1. Data. All the data we used were obtained from Agenas, the Agency of the Italian Ministry of Health for regional health services, which for years has gathered information to evaluate public and private facilities in Italy. These are some of the best data available in the field, and therefore did not require much “cleaning up” work. It should be noted that they are not technically open data, and that we were able to use them only after being granted access to a password-protected website (made available only to a few selected journalists and doctors). As “Wired Italia” was not among the media already selected by the press office of the Ministry, we had to make a formal request for access. We collected data “scraping” them from the site with the help of Bologna’s HacksHackers (a group founded during the 2012 International Journalism Festival, as a spin-off of the <ahref Foundation’s iData project).

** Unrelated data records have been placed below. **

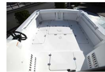
スターンデッキはフラットになっていて、上位クラスと同等の長さ。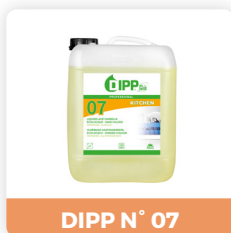
DIPP N° 07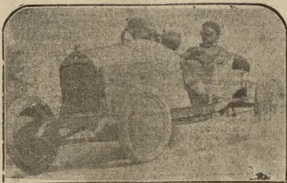
BARCELONA.—El automóvil marca «Hebe» de fabricación nacional, durante el recorrido de la cuesta de los Bruchs, en cuya carrera obtuvo la más alta recompensa.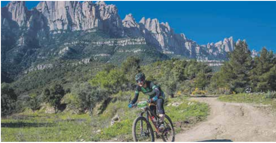
Bones sensacions a La Portals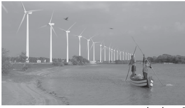
மன்னார், நவ.24 மன்னாரில் காற்றாலை மின்திட்டத்தை அமைக்கவும், 3400 கி.மீ நீளமான கிராமிய வீதிகளை அபிவிருத்தி செய்யவும், ஆசிய அபிவிருத்தி வங்கி 350 மில்லியன் டொலர் கடனுதவியை இலங்கைக்கு வழங்கவுள்ளது.

இதுதொடர்பாக ஆசிய அபிவிருத்தி வங்கிக்கும், நிதியமைச்சுக்கும் இடையில் இரண்டு உடன்பாடுகள் நேற்று முன்தினம் கையெழுத்திடப்பட்டன. 340 கி.மீ நீளமான தேசிய நெடுஞ்சாலையை உள்ளடக்கியதாக, 3400 கி.மீ கிராமிய வீதிகளை தரமுயர்த்துவதற்காக ஆசிய அபிவிருத்தி வங்கி 150 மில்லியன் டொலர் கடனுதவியை வழங்கவுள்ளது. வடக்கு, கிழக்கு, ஊவா மற்றும் மேல்மாகாணங்களில் இந்த வீதி அபிவிருத்தித் திட்டங்கள் நடைமுறைப்படுத்தப்படும். அத்துடன் மன்னாரில் காற்றாலை மின்திட்டத்தை அமைக்க 200 மில்லியன் டொலர் கடனுதவியையும் ஆசிய அபிவிருத்தி வங்கி வழங்கவுள்ளது. இந்தத் திட்டத்தின் கீழ் மன்னார் தீவில் 100 மெகாவாட் உற்பத்தி திறன் கொண்ட காற்றாலைப் பண்ணை அமைக்கப்படவுள்ளது. 256.7 மில்லியன் டொலர் செலவிலான இந்தத் திட்டத்துக்கு ஆசிய அபிவிருத்தி வங்கி, 200 மில்லியன் டொலரை கடனாக வழங்கவுள்ளது. எஞ்சிய 56.7 மில்லியன் டொலரை இலங்கை மின்சாரசபை முதலீடு செய்யும். (அ)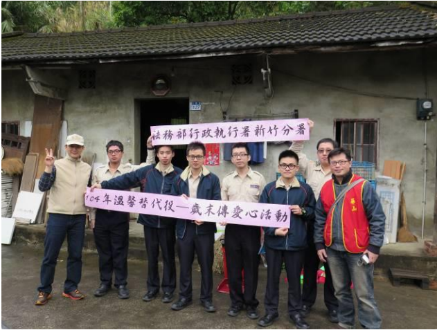
歲末傳愛心活動情形(1)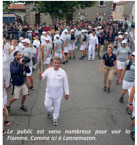
Le public est venu nombreux pour voir la Flamme. Comme ici à Lannemezan.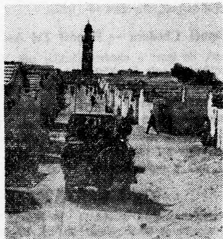
Egy házsört romboltak le bulldozerekkel, hogy lehetővé tegyék az utat a menekülttábor központjában

Az izraeli hadsereg jelenlegi biztonságérzetét kitűnően illusztrálja az a kép, amely a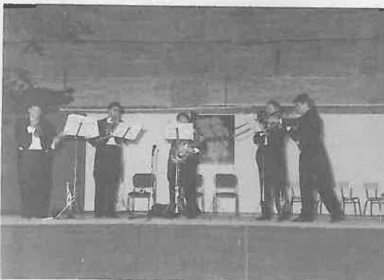
El QUINTETO "MADRID BRASS" puso la música de calidad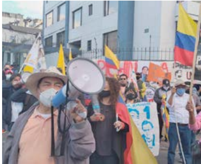
El binomio de UNES gana cada vez más respaldo popular.

Texto y foto: Sinay Céspedes Moreno Corresponsal jefa/Quito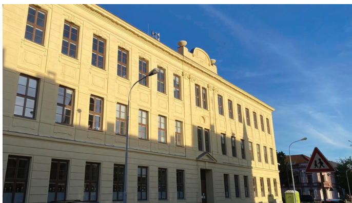
Opravená škola na náměstí Republiky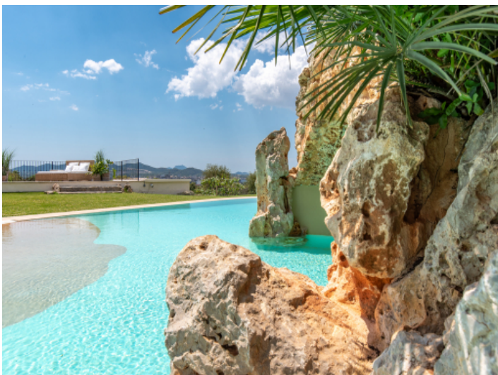
Pool mit Grotte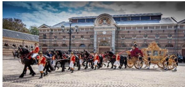
De Gouden Koets.

De Gouden Koets wordt getoond in een glazen behuizing op de grote binnenplaats van het Amsterdam Museum. Bezoekers kunnen de gerestaureerde koets in alle rust van heel dichtbij bekijken. In zes museumzalen rondom de binnenplaats, alle met zicht op de Gouden Koets, worden uiteenlopende verhalen uitgelicht. Honderden cultuurhistorische objecten, schilderijen, Oranjesnuisterijen, kledingstukken, spotprenten, foto's en bewegende beelden geven een veelzijdig beeld van de geschiedenis en het gebruik van de Gouden Koets en de discussies uit verleden en heden over dit iconische voertuig.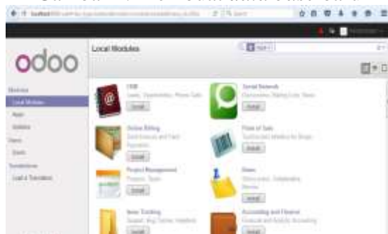
Gambar 3. Pilihan modul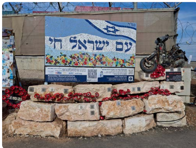
Památník „Zeď aut“ v Tkumě

Slovy se to těžko popisuje; bylo to, jako by člověk skočil „placáka“ a místo na vodu narazil na skálu. Obrovský otřes. Izraelci tady shromáždili zbytky spálených a rozstřílených aut a motocyklů zlikvidovaných v celé oblasti během říjnového útoku.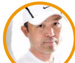
金哲彦 プロランニングコーチ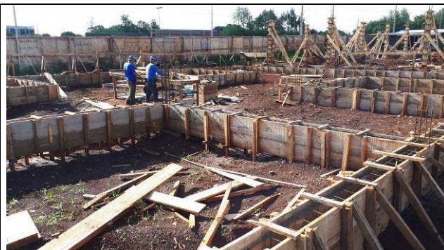
Figura 04C: Formas e armaduras das vigas baldrames.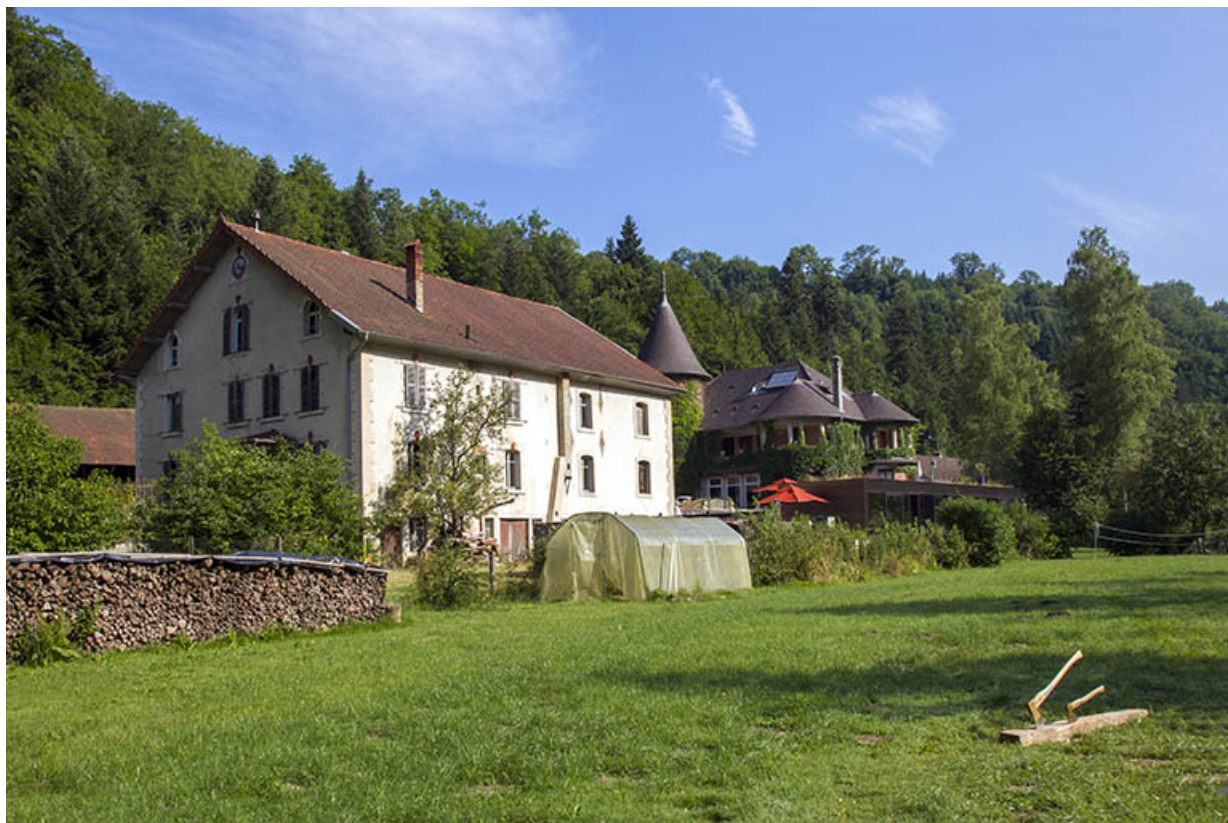
Vue d'ensemble du site, depuis le sud-est.

25, Vaucluse, lieudit : le Moulin du Milieu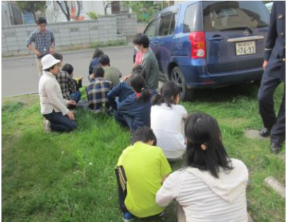
点呼 「全員、いますか！？」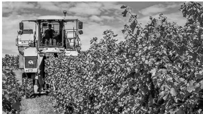
Takto vypadá vinobraní v současné době.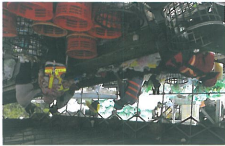
清潔隊員辛苦工作的身影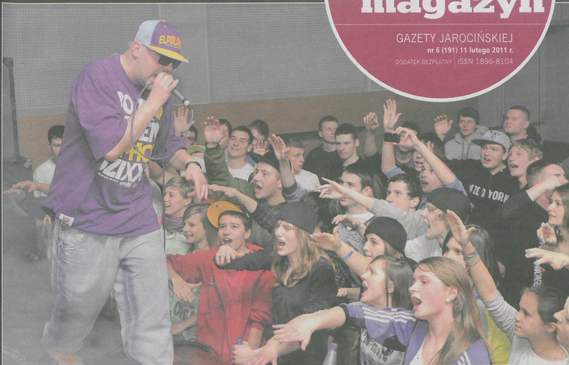
Gwiazdą show był raper DonGURALesko

GAZETY JAROCIŃSKIEJ nr 6 (191) 11 lutego 2011 r. DODATEK BEZPŁATNY | ISSN 1896-8104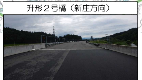
升形2号橋 (新庄方向)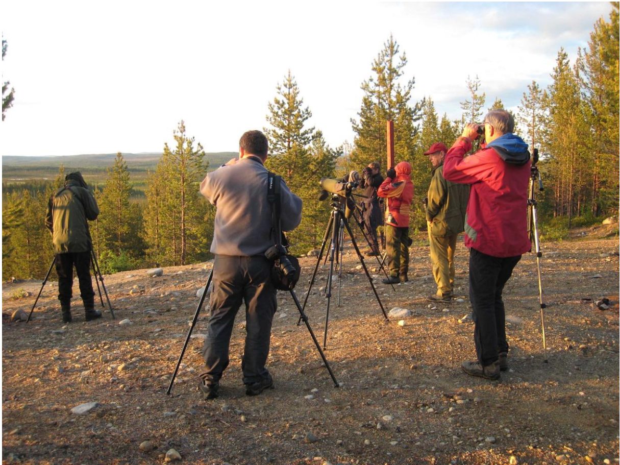
Spaning etter bjørn fra Blankvassåsen i Øvre Pasvik - © Morten Günther.

Nok en lappmeisfamilie ble oppdaget ved Svanetjørna sør for Nyrud. Her hadde vi også et par lavskriker til.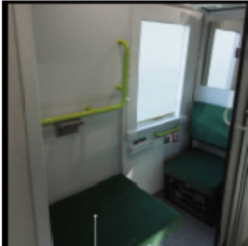
多目的室 Multi-Purpose Room 座席として利用することも可能で多彩な利用が可能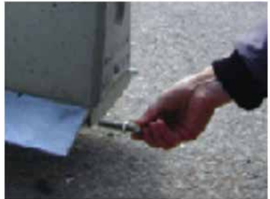
Bultarna förs in vid lossningen

När elementen placeras ut förs den patenterade kopplingen in i stålkärnan. Närmast basen kan elementen riktas in mot varandra med hjälp av en stålstång. Innan elementet sätts ned helt är det viktigt att sträcka elementkedjan något.

The database we obtained is an Excel spreadsheet of 1,200 rows (one per hospital) with 19 indicators of causes of death. We are currently working on a way to make it completely open.
2. Timing. We collected our data at the end of 2012, but we really started to work on them only in December, in order to publish the inquiry in print in March (and online in early April, with a slight delay due to some mapping issues). If we had had the chance to work on the project full time, two weeks would have sufficed to complete it.
3. Resources. #doveticuri was the result of the work of three journalists at “Wired Italia” (Marco Boscolo, contributor; Denis Rizzoli, an intern at the time; and myself, editor), one information designer (Massimiliano Mauro) and one computer scientist, Fabio Dellutri from Mitecube, who had previously worked on the ScuoleSicure project.
4. Costs. Expenses (excluding “Wired Italia” journalists’ and staff’s wages and fees) were around 1,000 euros, mainly for mapping.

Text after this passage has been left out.